Review: Bound to Vengeance (aka Reversal) Wastes a Great Premise

Bound to Vegeance (aka Reversal) exists on the fringes of a few other films. J.M. Cravioto’s revenge-horror admirably attempts to subvert the million ways we’ve seen this story of a captive girl told. It begins with the cathartic escape, thankfully sparing the audience 75 minutes of a woman tied (or chained) to a chair (or bed). Her captor speaks of the boyfriend, whose hunt for her led him to larger horrors, sparing the audience another amateur detective thriller. Yet for all its unique perspective, Bound to Vegeance is told with far too familiar aesthetic, emptily recalling the dirt-smeared 2000s horror of Rob Zombie and Marcus Nispel. 

The film opens, ironically, to the tune of soft rock, as Richard Tyson’s Phil, the man holding several women hostage in various houses and holes around Los Angeles, goes about his routine. He prepares a soup for Eve (Tina Ivlev, a Russian ringer for Jennifer Lawrence), who in turn has prepared a brick for Phil. She flees, with Cravioto lensing her every move from some sort of object she utilizes: the brick, the chain that holds her foot, the home phone. This continues throughout the film. It’s inventive until it’s tiring. Upon her search of the home she’s been kept in, Eve finds polaroids of girls in the same, squalid situation. One makeshift control pole later, she’s forcing Phil on a journey to free her unfortunate counterparts.

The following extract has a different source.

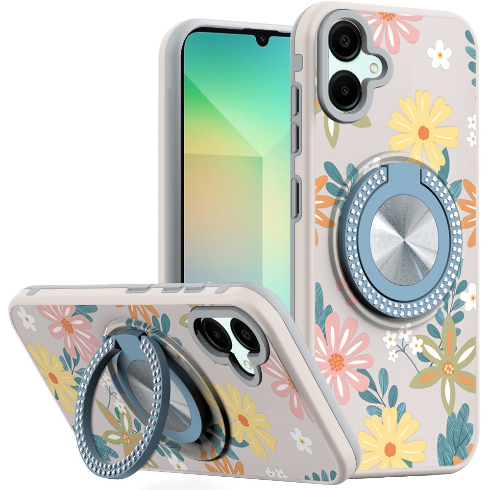 For Samsung A06 Metal Diamond CD Pattern Design Matte Finished Hybrid with Rotational Ring Case - Floral E
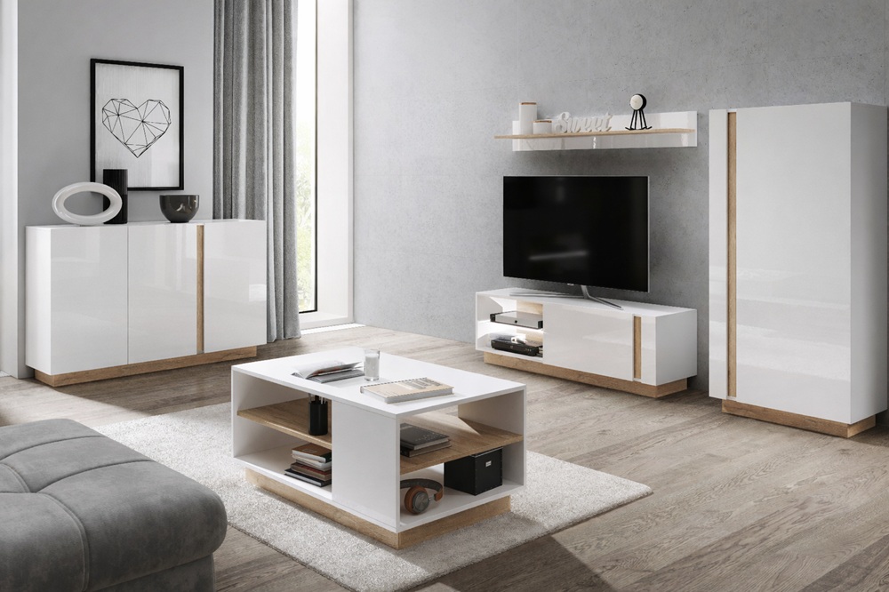 Meblościanka Arco biała – połysk, dębowe akcenty, witryny z LED i szafka RTV. Styl i funkcjonalność w jednym. Zamów online!

Again, this idea of reversing both the drawn out captive’s tale and the self-empowered revenge is refreshing. Eve’s moment is quick, nasty and stylish. Her verve to help other women do the same then should be exhilarating. Instead, it’s a redundant affair, with overemployed visual trickery and constant stating of the film’s themes and inner conflicts. Phil tries to convince Eve she isn’t helping anyone at all and Cravioto, and scripters Keith Kjornes and Rock Shaink, Jr., in the process makes a case why the films Bound to Vegeance attempts to upend do focus on just one girl. Not everyone has the same will.

Some of the girls Eve is intent on freeing are just too far gone and, as a horror film needs a body count, are tastelessly done away with—the film’s charge to look cool conveniently and momentarily forgetting that until seconds ago, they were victims of terrible suffering. Meanwhile, between each fetid, neon prison, Eve (and the audience) continues to suffer by listening to Phil’s endless musings on her and her plight. What’s worse is that much of Tyson’s monologues or exchanges with Eve are noticeably dubbed, their mouths often obscured by shadow and his grunting mixed so high, it’s as if he’s straining right there with you.

Like Eve’s character, the purpose with which so many girls are taken is implied, but not developed. Ivlev gives an earnest effort at the emotional struggle of steely resolve and self-doubt, but the film doesn’t back her up. Instead, its best effort is to regularly, insipidly and disruptively flashback to a self-filmed carnival date. Bound to Vegeance is too content to rest on the laurels of its setup, but by the time it echoes Rob Zombie’s Halloween (?) with a scene scored by “Love Hurts” (in Spanish), all goodwill is (I’m so sorry) reversed.